Genome Engineering of Paenibacillus

Genome Engineering of Paenibacillus

1. Background Introduction

Paenibacillus is a plant-growth-promoting rhizobacterium rated as Generally Recognized as Safe (GRAS) by the US Food and Drug Administration (FDA), boasting broad application prospects in the fields of agriculture, medicine, industry and environmental bioremediation. Its prominent plant-growth-promoting activity, capacity for producing broad-spectrum antimicrobial metabolites and excellent environmental adaptability have established its core position in biological control, industrial enzyme preparation and synthetic biology. Precise and efficient gene editing technology is a pivotal tool for exploring its biological resource potential and constructing high-performance engineering strains.
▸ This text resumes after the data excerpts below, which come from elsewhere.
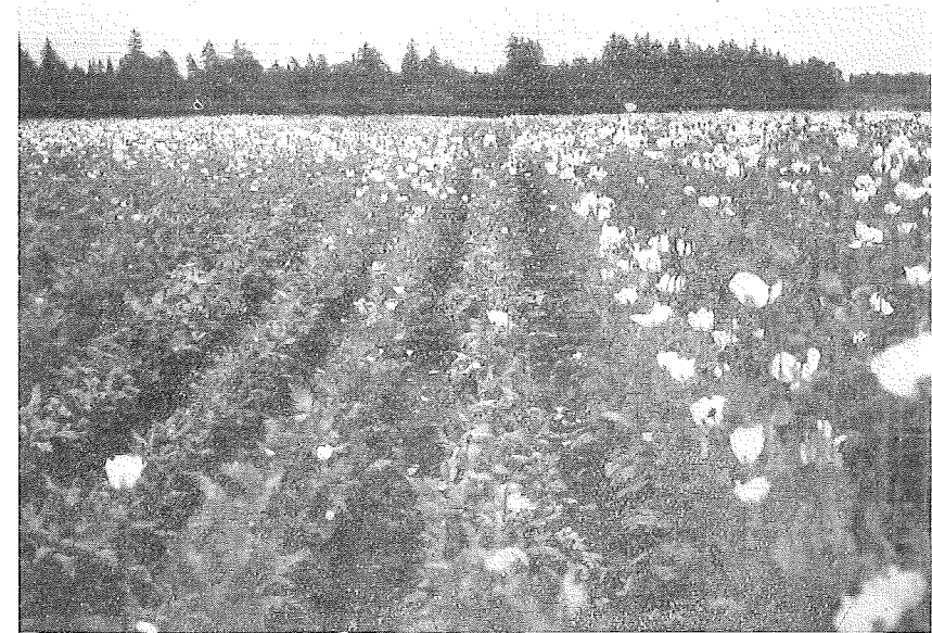
Fig. 1. Några rader med starkt angripna plantor, som ej ens gått i blom, knopparna ha vissnat på tidigt stadium. Närmast på båda sidor synas rader, där plantorna visserligen gått i blom men huvudsakligen bära skadade kapslar.

Några svårare sjukdomsangrepp hos vallmo ha förut ej inrapporterats till Växtskyddsanstalten, men i mitten på juli inkom prov av sjuka plantor från en av de större odlingarna i Västergötland, och vid besök på platsen gjordes en del iakttagelser, för vilka här i korthet skall redogöras. Med säkerhet kan ännu ej sägas, vilken sjukdom det är fråga om, men symtomerna överensstämna med en sjukdom, som tidigare förekommit i Bulgarien och beskrivits av CHRISTOFF såsom förorsakad av en svamp, Pleospora calvescens TUL. Om det enbart är denna sjukdom, eller om även bakterios förekommer, är ännu ej klarlagt.
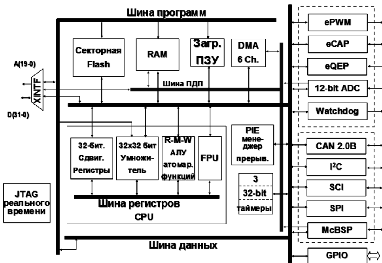
Рис. 3. Блок-схема контроллера TMS320F2833x

– создание микроконтроллеров со сдвоенными менеджерами событий для прямого цифрового управления приводами по системе: «Активный выпрямитель – Инвертор – Двигатель» и «Преобразователь постоянного напряжения в постоянное – Инвертор – Двигатель», а также для управления двухдвигательными приводами.
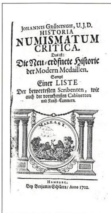
Fig. 4. Titelbladet till "Historia Numismatum Critica", Hamburg 1702. KMK.

grekiska mynten). Med denna litteratur kan även borgare utbilda sig till riddare! I 23:e kapitlet, Zeiget die berühmtesten Münz-Cabinetten in Europa (visar de berömdaste myntkabinetterna i Europa), finner den resande numismatikern en förteckning över de mest betydande myntsamlingarna i furstlig och privat ägo. Kapitel 24. ( Verzeichnis der besten und berühmtesten Scribenten ) till sist är ett försök till en numismatisk bibliografi och tidsmässigt klart före Anselm Banduris (Ragusa 1675 – Paris 1743) 21 för första gången i Paris 1718 utgivna bibliografi, 22 sedan också i Hamburg 1719 (liksom Ritterplatz!), som vanligen ses som den äldsta av sin typ. 23 Dessutom bör här noteras, att Burcard Gotthelf Struve (Weimar 1671 – Jena 1738) 24 med sin Bibliotheca Numismatum Antiquiorum, Jenae, Sumtibus Jo. Bielkii Bibliopolae, MDCXCIII (1693) faktiskt utgör den äldsta numismatiska bibliografien – den borde alltså inneha en plats i Guinness Rekordbok 25 ! Dessutom bör nämnas, att bandet med myntavbildningar av romerska aurei (där bland den sällsynta Antoninus Pius' aureus för Diva Faustina med PVELLAE FAVSTI-
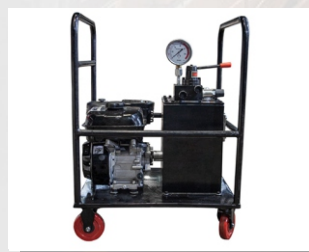
Станция насосная с бензоприводом НБР-2,0И20-1

Подача, л/мин: 2 Объем бака, л: 20 Габариты, мм, ШхДхВ: 560x345x665
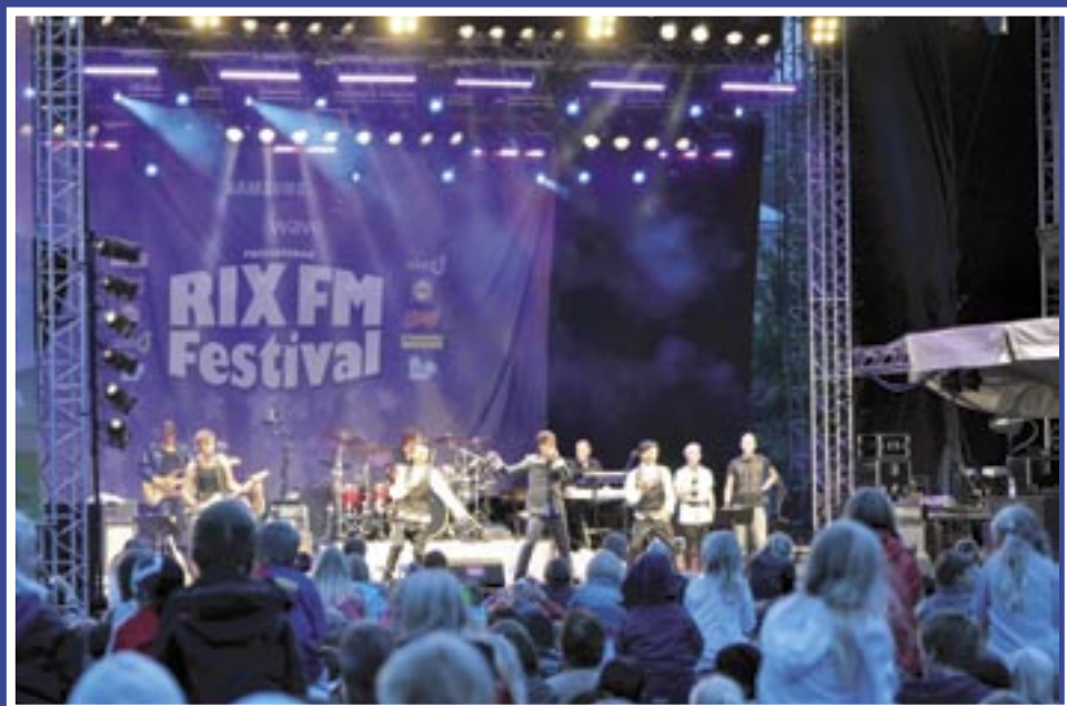
Fullt hus då Erik Saade framträdde på Helsingborgsfestivalen.
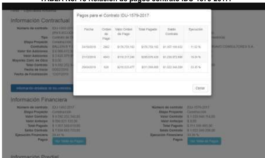
TABLA No. 15 Relación de pagos contrato IDU-1579-2017.

Fuente: Sistema de información ZIPA – 04-04-2019.
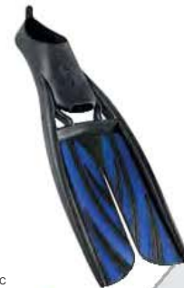
TWIN JET МАКС С Пантоф
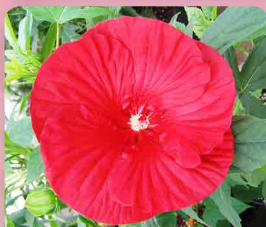
Ibišek americký Cranberry Crush®
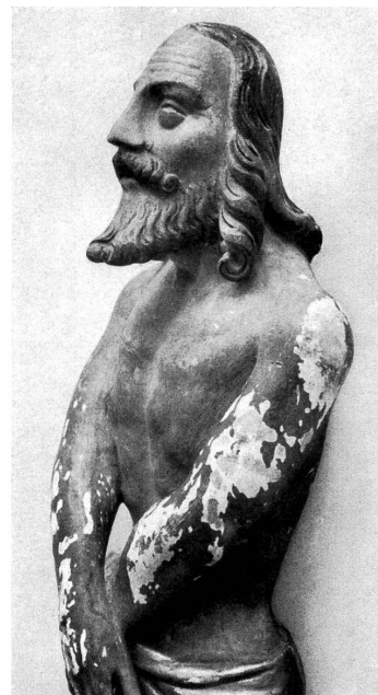
5, 6. Aus Engelberg. Bern, Hist. Museum, Inv.-Nr. 7873.
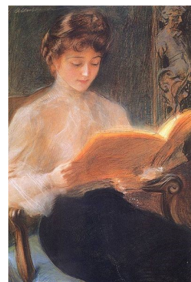
Teodor Axentowicz (1859–1938) alkotása
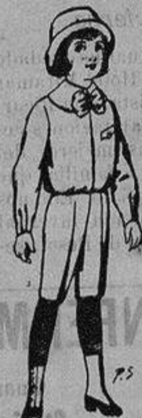
Trajes de patén para niños de 4 a 9 años De ptas. 5 a 7'50
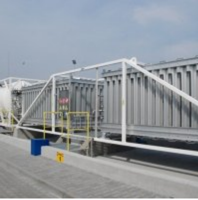
Polska Spółka Gazownictwa uruchomiła w Zatorze pierwszą w Małopolsce stację LNG
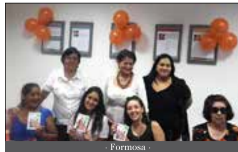
- Formosa -
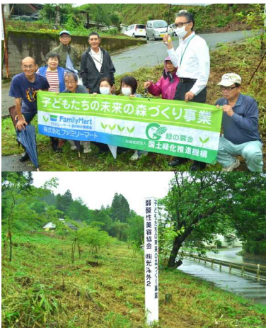
(上) セレモニーの様子 (下) 国道268号線沿いの植栽地

紙屋地区有志会では、平成29年度より地区内の公道沿線等の里山等の再生活動を行っており、紙屋地区の主要な通学路近辺の全整備を目標に、今後も里山の再生活動に取り組んでいくそうです。
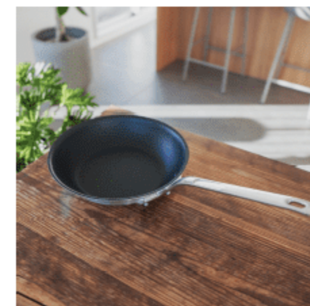
フライパン (29cm) 色：シルバー サイズ：29、29 数量：1
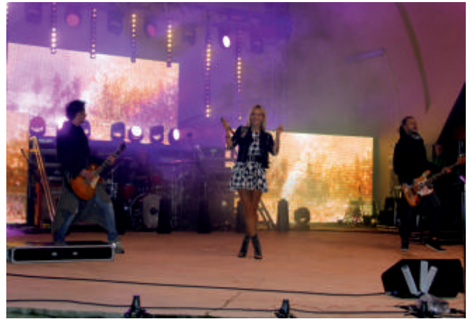
DODA - 2015 r.
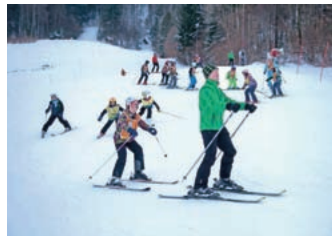
Domači učitelji smučanja bodo tudi med letošnjimi zimskimi počitnicami organizirali odlično obiskane tečaje.
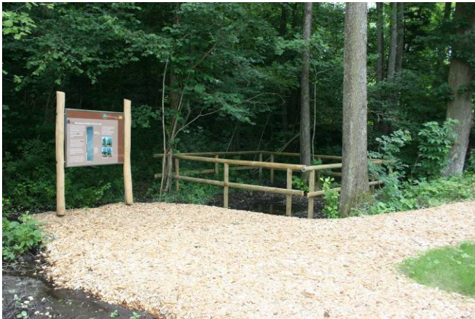
Blick auf die Station 2

Die Umgebung lädt zum Wandern und Verweilen ein.
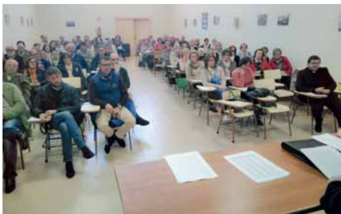
Curso celebrado en Miajadas para la zona sur de la Diócesis

Para la zona norte de la diócesis el 23 de febrero en el Seminario de Plasencia y para la zona sur, el nueve de marzo en la iglesia de Guadalupe de Miajadas, se impartió un curso de iniciación o actualización de "Ministros Extraordinarios de la Comunión". Gracias a este curso los asistentes reciben la facultad de administrarse a sí mismos y a los demás fieles de su comunidad parroquial, el pan eucarístico durante la Misa o fuera de la celebración eucarística en las circunstancias previstas por la autoridad eclesial. Retirar y purificar los vasos sagrados des-
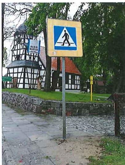
Znak drogowy D-6 „przejście dla pieszych” do wymiany,

Against this backdrop, GeneRulor has developed a CRISPR/Cas9-based approach for genomic modification of Paenibacillus, which can customarily achieve target gene knockout, large-fragment deletion, point mutation, gene integration (overexpression) and other services in different strains, with the delivery of positive mutant strains. We are committed to providing professional and reliable customized Paenibacillus gene editing solutions for scientific research and industrial clients worldwide.

2. Strain Characteristics and Biological Background

(1) Gram-staining property: Paenibacillus is a Gram-positive bacterium, with several species such as Paenibacillus polymyxa being the most extensively studied representative strains.

(2) Physical characteristics: It has a thick peptidoglycan cell wall and is capable of forming endospores with extremely strong stress resistance. Its genomic GC content has a wide variation range (40-55%), with diverse metabolic pathways that enable the production of a variety of antimicrobial peptides, hydrolases and polysaccharides.

(3) Industrial significance: As a model genus of plant-growth-promoting rhizobacteria (PGPR), it is an ideal model for investigating biological control, plant-growth-promoting mechanisms and the synthesis of antimicrobial metabolites. It is widely used in industry for the production of antimicrobial peptides, industrial enzymes and bioremediation materials.

(4) Genetic transformation: It has multiple transformation approaches, including penicillin-mediated transformation, electroporation and magnesium amino acid-mediated transformation. With the development of shuttle plasmids, promoters and CRISPR tools, the genetic manipulation system has been increasingly improved.

Figure 1 Growth of Paenibacillus on culture medium plates

3. Reported Editing Strategies in Literatures

Aiming at the transformation challenges of Paenibacillus, the mainstream editing strategies adopted in current literatures and scientific research practices include:

3.1 CRISPR/Cas9 System (Mainstream Protocol) :

(1) Principle: The Cas9 protein mediates site-specific cleavage of the target genomic DNA under the guidance of sgRNA, inducing double-strand break repair.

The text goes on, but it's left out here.